Action: Look at your list of weaknesses, and identify one person per item who shows strength in that area. Find a way to tell them that you’ve noticed it. You'll get insights into this by reading Go Put Your Strengths to Work by Marcus Buckingham or by listening to its audiobook version

· Get a bigger perspective on your accomplishments. Take stock of your successes and realize the exceptional effort and talent you employed to make them happen. And remember the analogy of the turtle on the fencepost: he didn’t get up there all by himself. We’ve all benefited from people who have given us support when we needed it most, and we’ve also felt a little extra boost from unseen blessings or luck.
Action: After you’ve appreciated yourself for the good work you’ve done, send a short and sincere note of thanks to at least one person who supported you. For a fun way to send this note via e-mail, try this reputable site for e-cards.

· Use a little self-deprecating humor. This special brand of humor allows you to be both confident and humble at the same time: confident in that it does not emanate from low self-esteem, and humble in that it shows that you are aware of your own flaws.
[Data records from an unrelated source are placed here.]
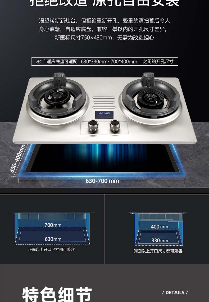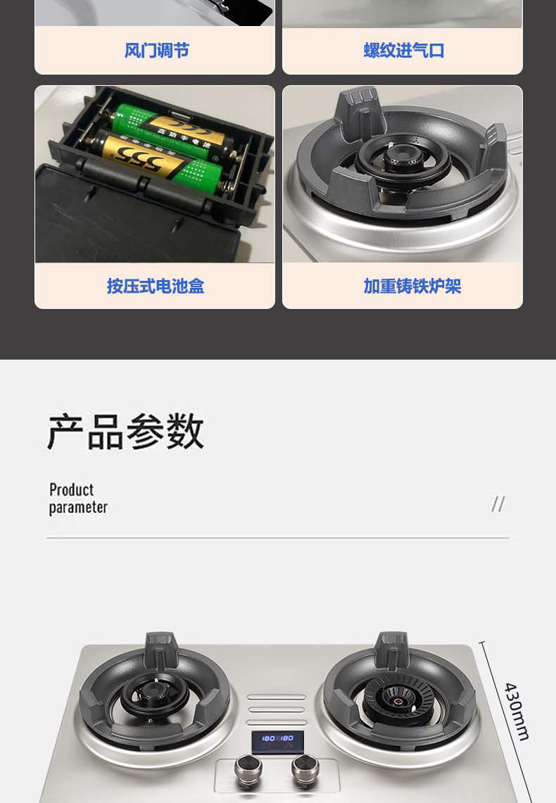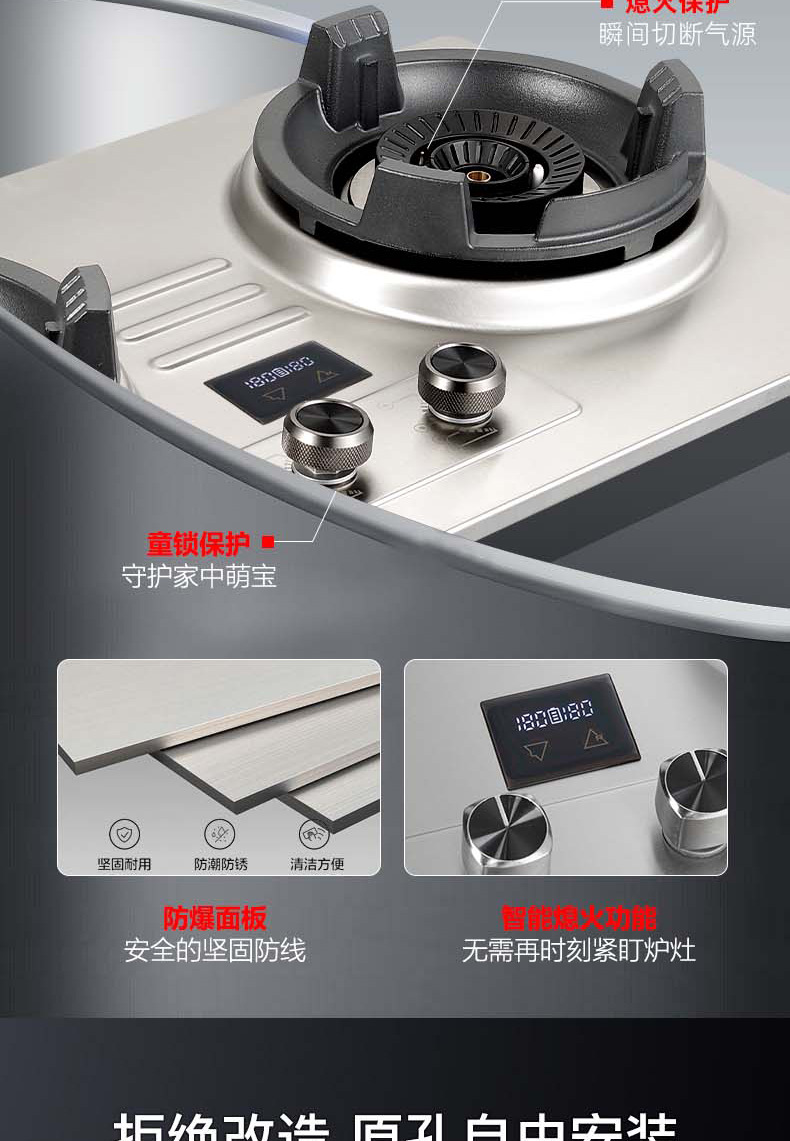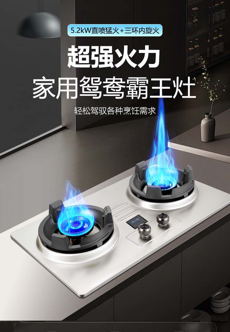 Overlord 강력한 화재 스토브 가정용 가스 스토브 더블 스토브 스테인레스 스틸 천연 가스 액화 가스 스토브 빌라 상업용
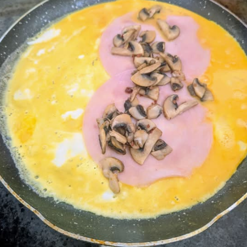 Omelette (3 huevos) relleno de champiñones salteados y mezclas de queso. acompañado con frijoles, tortillas o bolillo y salsa (receta secreta de la casa).
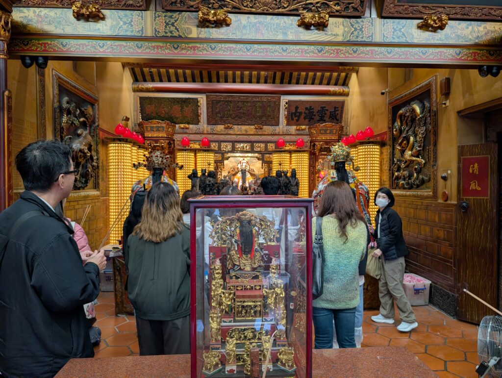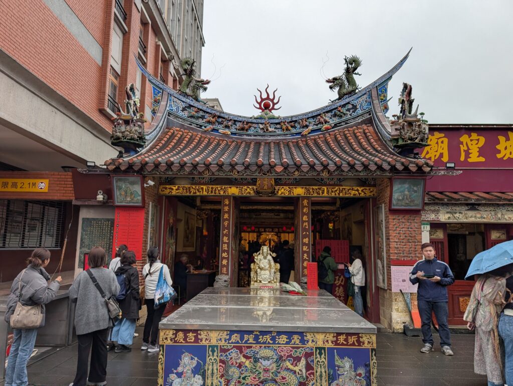 街歩きの途中にあるのが道教寺院の『台北霞海城隍廟』、お祀りされているのは中国縁結びの神様『月下老人』、ここにご利益を求めて本当に多くの人が参拝しに来ます
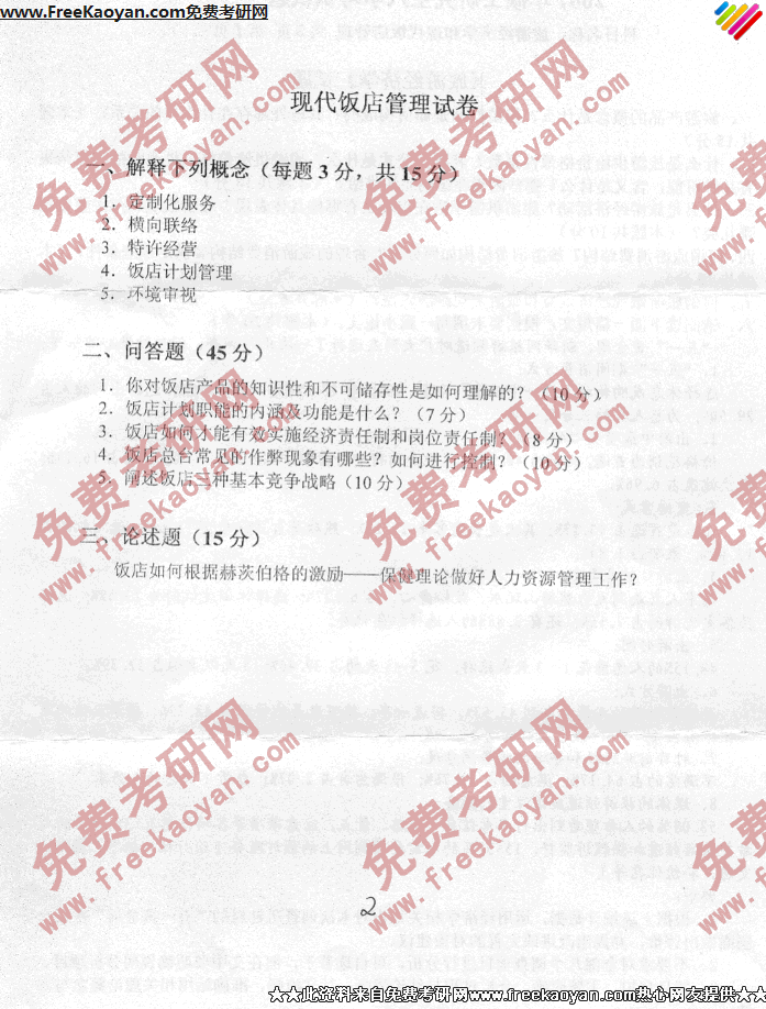 燕山大学2007年考研真题-旅游经济学和现代饭店管理(2)
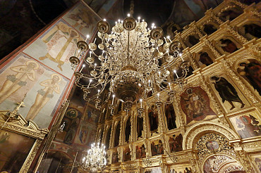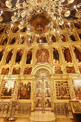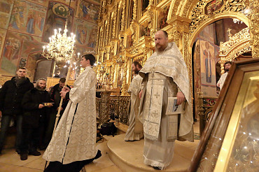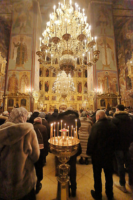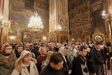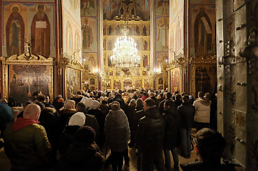 Ночная Литургия и Великое освящение воды в праздник Крещения Господня в Успенском соборе Лавры. Фото:  А. Севостьянов. 19 января 2019 г.

Action: Consider experiences that revealed a flaw in you. Imagine that each flaw is the punch line to a joke, and file it away for the next time you give a presentation to a larger audience and need a little ice breaker. For example, if you’re not the world’s best speller, you might say something like, “Although I’ve worked at Initech for over 10 years, I still can’t spell IT.” For some fun tips on how to use self-deprecating humor, take five minutes to read the short article by Scott Ginsberg.